Activity: Write the listing below out again word for word, without a single picture.

Dataset section:
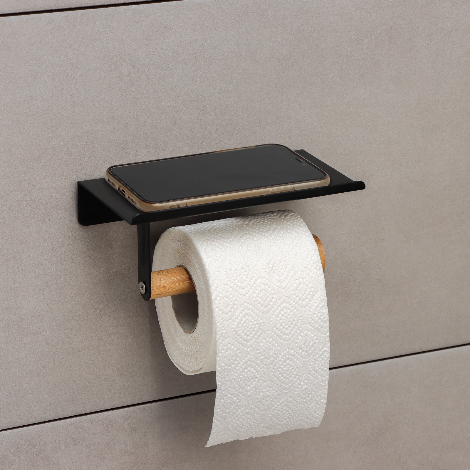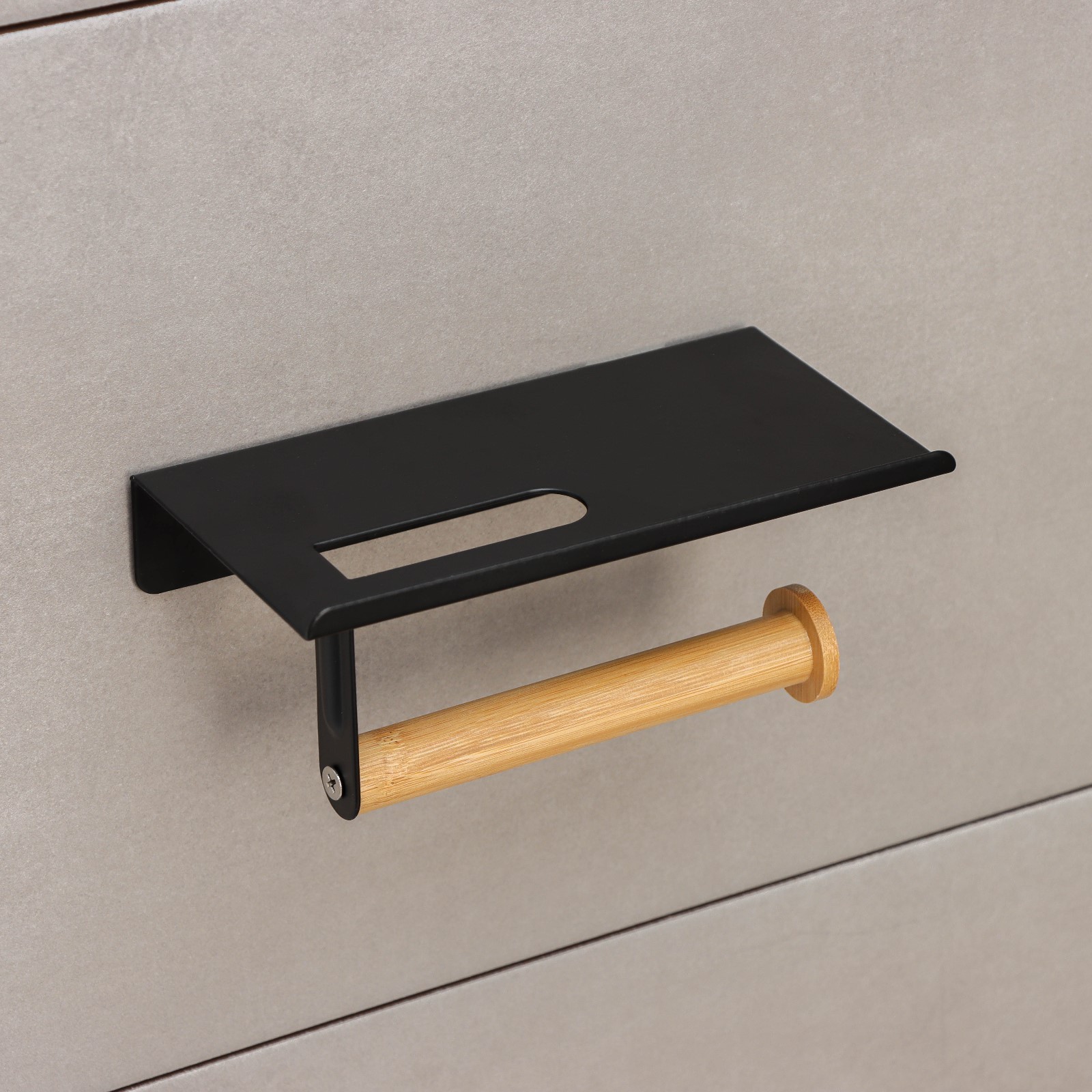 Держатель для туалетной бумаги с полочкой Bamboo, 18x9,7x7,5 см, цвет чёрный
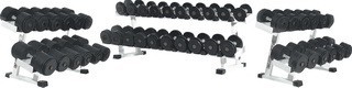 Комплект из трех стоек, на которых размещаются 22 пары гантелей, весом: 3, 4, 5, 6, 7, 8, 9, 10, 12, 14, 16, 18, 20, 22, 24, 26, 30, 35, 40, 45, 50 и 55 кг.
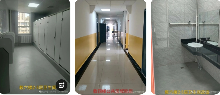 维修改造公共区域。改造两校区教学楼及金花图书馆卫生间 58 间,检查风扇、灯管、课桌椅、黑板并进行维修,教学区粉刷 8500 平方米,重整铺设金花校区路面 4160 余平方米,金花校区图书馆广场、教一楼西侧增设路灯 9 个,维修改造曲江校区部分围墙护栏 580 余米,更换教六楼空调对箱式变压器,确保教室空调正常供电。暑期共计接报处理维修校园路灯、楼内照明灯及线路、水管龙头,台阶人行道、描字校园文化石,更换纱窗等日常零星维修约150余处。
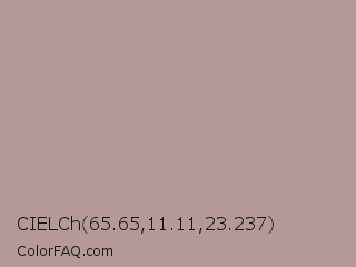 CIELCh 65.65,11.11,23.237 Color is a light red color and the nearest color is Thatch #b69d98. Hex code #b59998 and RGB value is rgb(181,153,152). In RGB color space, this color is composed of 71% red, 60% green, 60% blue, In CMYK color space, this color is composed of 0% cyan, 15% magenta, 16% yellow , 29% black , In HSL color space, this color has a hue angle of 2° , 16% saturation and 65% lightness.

Exercise solution:
 Держатель для туалетной бумаги с полочкой Bamboo, 18x9,7x7,5 см, цвет чёрный
 Комплект из трех стоек, на которых размещаются 22 пары гантелей, весом: 3, 4, 5, 6, 7, 8, 9, 10, 12, 14, 16, 18, 20, 22, 24, 26, 30, 35, 40, 45, 50 и 55 кг.
 维修改造公共区域。改造两校区教学楼及金花图书馆卫生间 58 间,检查风扇、灯管、课桌椅、黑板并进行维修,教学区粉刷 8500 平方米,重整铺设金花校区路面 4160 余平方米,金花校区图书馆广场、教一楼西侧增设路灯 9 个,维修改造曲江校区部分围墙护栏 580 余米,更换教六楼空调对箱式变压器,确保教室空调正常供电。暑期共计接报处理维修校园路灯、楼内照明灯及线路、水管龙头,台阶人行道、描字校园文化石,更换纱窗等日常零星维修约150余处。
 CIELCh 65.65,11.11,23.237 Color is a light red color and the nearest color is Thatch #b69d98. Hex code #b59998 and RGB value is rgb(181,153,152). In RGB color space, this color is composed of 71% red, 60% green, 60% blue, In CMYK color space, this color is composed of 0% cyan, 15% magenta, 16% yellow , 29% black , In HSL color space, this color has a hue angle of 2° , 16% saturation and 65% lightness.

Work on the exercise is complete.